And, plaintiffs cannot avoid dismissal by asserting an oral agreement modifying the indemnification provisions, which expressly requires a signed writing for that purpose. Moreover, plaintiffs do not and cannot allege legal consideration for the alleged oral agreement. Lastly, only Sportsline could enforce the alleged oral agreement, but its Settlement Agreement with the other former Shareholders recites the Merger Agreement alone as the basis for indemnification.

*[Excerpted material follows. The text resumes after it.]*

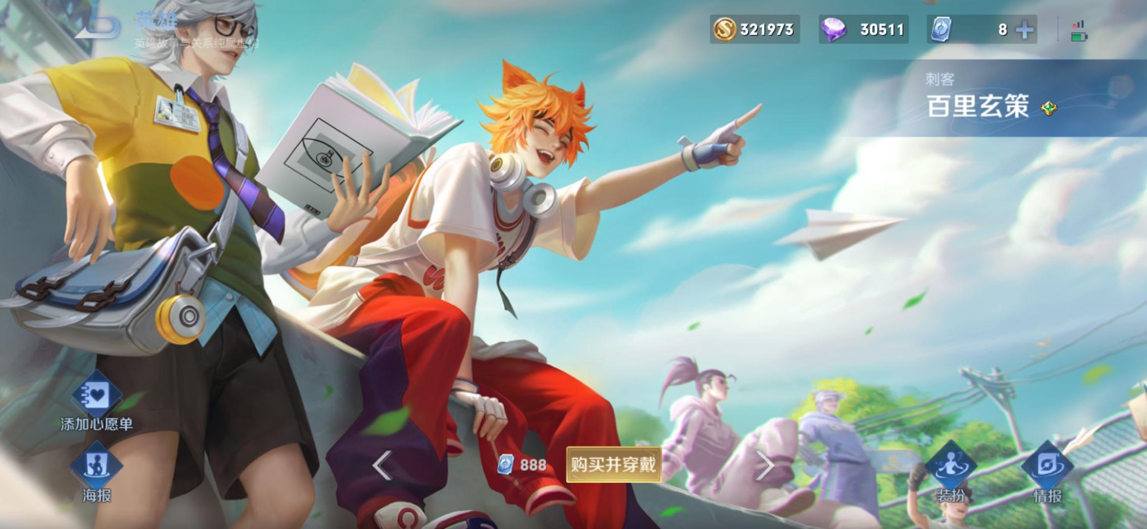 百里玄策 定位:刺客 皮肤:热力回旋

Further, plaintiffs failed to raise a material issue of fact; the documents establish that Broadview did not make any claims for additional compensation until after the Earn Out Period; the full amount of Fortnow's portion of funds escrowed to cover indemnification claims was released to him, signifying that no other unresolved indemnification claims had been previously made. The documents establish that only the other former Shareholders signed the Letter Agreement; documents establish that Commissioner interposed substantial counterclaims in the Broadview Action concerning the nature and quality of Broadview's services that were intertwined with the merits of its defenses and sought the return of the initial brokerage fee paid. It is hardly surprising that Fortnow and plaintiffs paid legal fees towards the defense of the Broadview Action, since they would all benefit from Commissioner prevailing on its counterclaims.

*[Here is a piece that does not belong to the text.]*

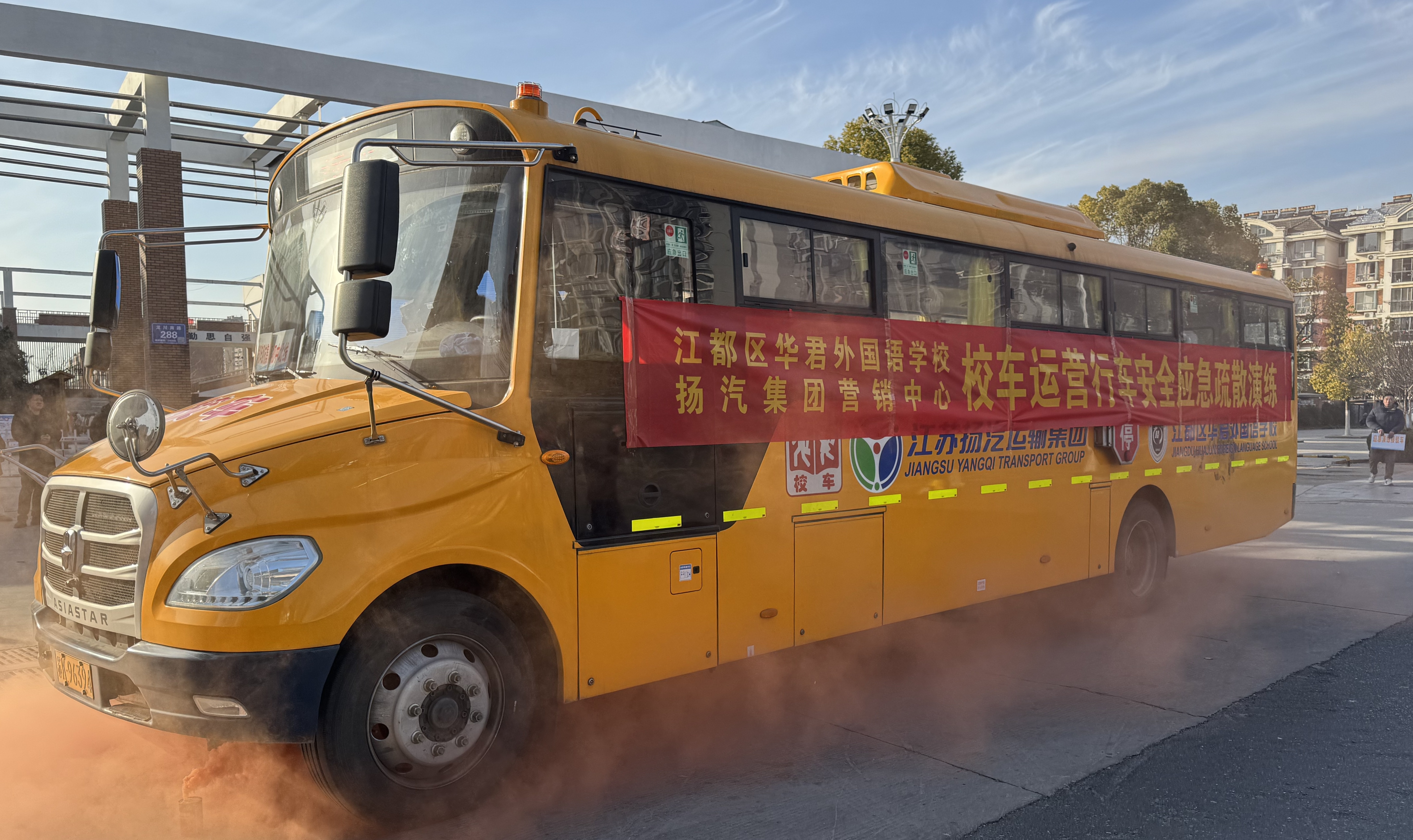 為進(jìn)一步加強校車安全管理,提高師生在校車行駛中的安全應(yīng)急疏散能力,近日,揚汽集團與江都區(qū)華君外國語學(xué)校聯(lián)合開展了校車運營行車安全應(yīng)急疏散演練。揚汽集團副總經(jīng)理劉旭亮,江都區(qū)華君外國語學(xué)校副校長張?zhí)毂,各單位的安全管理人員及師生共40余人參加本次活動。

Further, plaintiffs supplied no valid reason why their breach of fiduciary, contribution, and unjust enrichment claims should survive dismissal on the other grounds asserted by Fortnow. Pleading alterative or inconsistent causes of action is not the same as impermissible, duplicative causes of action, as here. In addition, the continued duty to fellow shareholders applies to officers and directors, whose duties cease nonetheless once there is a severance of their official relationship with the corporation. Caselaw holding that partners owing a duty to one another after dissolution have nothing to do with the merger at bar. And, the Section of the Partnership Law that requires that a shareholder of a corporation contribute toward its losses according to his share in the profits does not deal with close corporations, such as Daedalus.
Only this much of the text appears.